Nasceva il 18 luglio di cento anni fa, in un piccolo villaggio del Sudafrica, Rolihlahla Mandela, poi “ribattezzato” Nelson nella scuola segregazionista. Chiamato affettuosamente “Madiba”, il nome datogli all’interno del clan al quale apparteneva, Mandela è stato il padre del Sudafrica liberato dalle atrocità di 43 anni di Apartheid e l’uomo-simbolo, in tutto il mondo, della lotta contro il razzismo e la segregazione razziale. Morì il 5 dicembre 2013, a 95 anni.
A rendere omaggio al grande leader anche l’ex presidente USA Barack Obama, che ha partecipato in SudAfrica alla grande manifestazione dedicata ad uno degli uomini che hanno cambiato la storia dell’umanità.
“Credete nei fatti”: con un appello al realismo, interpretato da molti come una critica al suo successore, Donald Trump, e’ tornato sulla scena Barack Obama. Il suo è stato un appello al cambiamento, alla speranza, alla tolleranza, all’uguaglianza e all’inclusione, auspicando la tutela dei valori lasciati in eredità da Mandela e la difesa della democrazia. Pur senza mai citare Trump, il suo riferimento è apparso chiaro: “Senza i fatti non c’è alcuna base per la collaborazione. Se io dico che questo è un podio e voi dite che è un elefante sarà difficile per noi collaborare”.

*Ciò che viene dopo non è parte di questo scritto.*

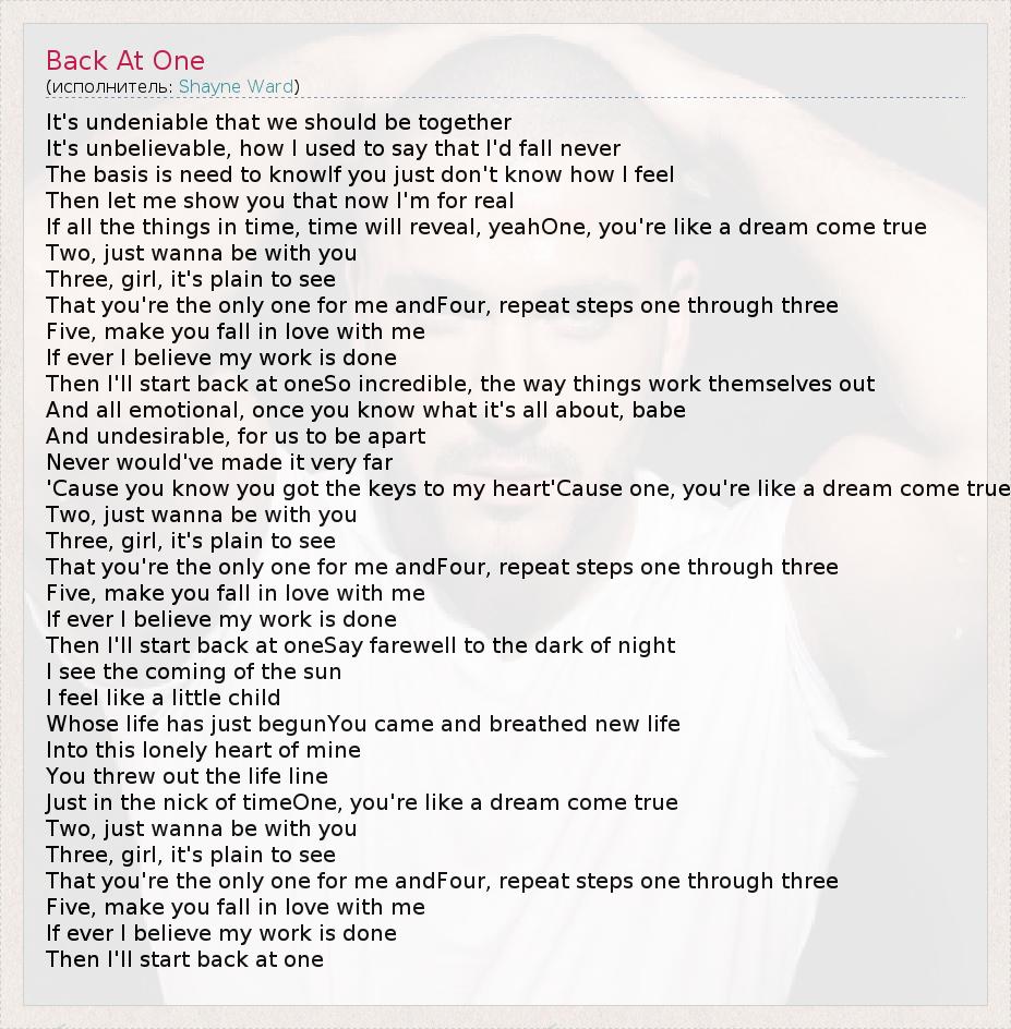 'Cause you know you got the keys to my heart'Cause one, you're like a dream come true
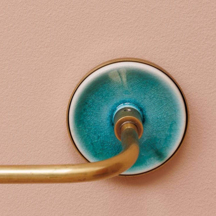 Add a decorative flourish to your bathroom with this pretty brass towel rail. Beautifully crafted in brass with a turquoise ceramic plate, this brass towel rail will add a perfectly balanced touch of old world charm and contemporary chic to your bathroom or guest washroom. Pair it up with the matching hook, toilet roll holder or towel ring for a complete bathroom makeover.

“C’è una politica della paura e del rancore” In un discorso fortemente politico, valutato come l’espressione più alta del suo impegno da quando ha lasciato la Casa Bianca, un anno e mezzo fa, Obama ha parlato di “tempi strani e incerti”. Ha aperto il suo discorso affermando: “Le notizie ogni giorno ci portano titoli da capogiro e inquietanti”. ha usato parole dure contro i leader che spingono “una politica della paura, del rancore, del trinceramento” e che si muovono “a una velocità inimmaginabile qualche anno fa”.